Higher Education: The change of condition "My university teacher and mentor Kenneth Arrow remembers me as a student who asked good questions. Although I had not previously thought of myself in that way, on reflection I think that Arrow was right. I was forever curious about how things worked (or didn't work), which led me to identify lapses or anomalies and/or to push the logic to completion. Such an orientation would serve me well throughout my academic career. My initial thoughts of becoming a lawyer changed in high school as I became more attracted to math and science and began talking about being an engineer. My mother declared that M.I.T. was the place to go and, with the advice of the physics teacher at the local college, I enrolled in Ripon College, which had a combined plan with M.I.T." Marriage: Marriage Luck "That combination worked out well. My first jobs after graduation in 1955 were as a project engineer for G.E. and later with the U.S. government in Washington, D.C., where I met and married my wife, Dolores Celini. I applied to and was accepted into the Ph.D. program at the Graduate School of Business at Stanford, where I enrolled in 1958. To my surprise and delight, I discovered that much of my engineering training in mathematics and statistics and model building carried over. But there was more to it than that. My engineering training gave me a much more grounded foundation than would most undergraduate programs in any of the social sciences."

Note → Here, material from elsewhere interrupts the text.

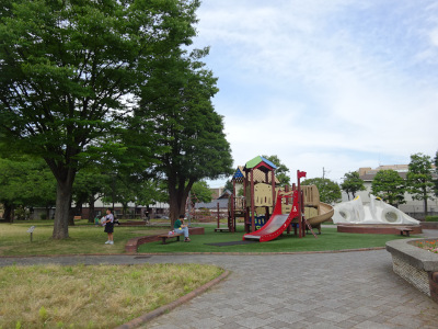 Even though the weather was extremely hot in June, around 10 children were playing cheerfully in Shinhama Park.

Although I would not come to appreciate this last until later, there was a major difference between engineering and economics with respect to hypothetical ideals. Thus whereas assumptions of weightlessness or perfect gas laws or frictionlessness etc. served the purpose of simplification in engineering, these assumptions would give way to realities (in the form of friction, resistance, turbulence, and the like) as engineering applications were attempted. In economics, however, assumptions of frictionlessness (of which the standard assumption of zero transaction costs was one) often went unquestioned or, even worse, were invoked asymmetrically. Thus whereas markets were subject to "failures" for which corrective public policy measures were prescribed, there was no corresponding provision for failures in the public sector. A more symmetrical approach would be to recognize that positive transaction costs were the economic counterpart of friction and that all forms of organization experience such costs albeit in variable degree (depending on the attributes of the transaction to be organized). I credit my engineering background with giving me a receptive attitude toward transaction costs, to include an interest in pinning down and working out the organizational ramifications of such costs.

Source of Inspiration:

Contribution By drawing attention at high theoretical level to equivalences and differences between market and non-market decision-making, management and service provision, Williamson has been influential in the 1980s and 1990s debates on the boundaries between the public and private sectors.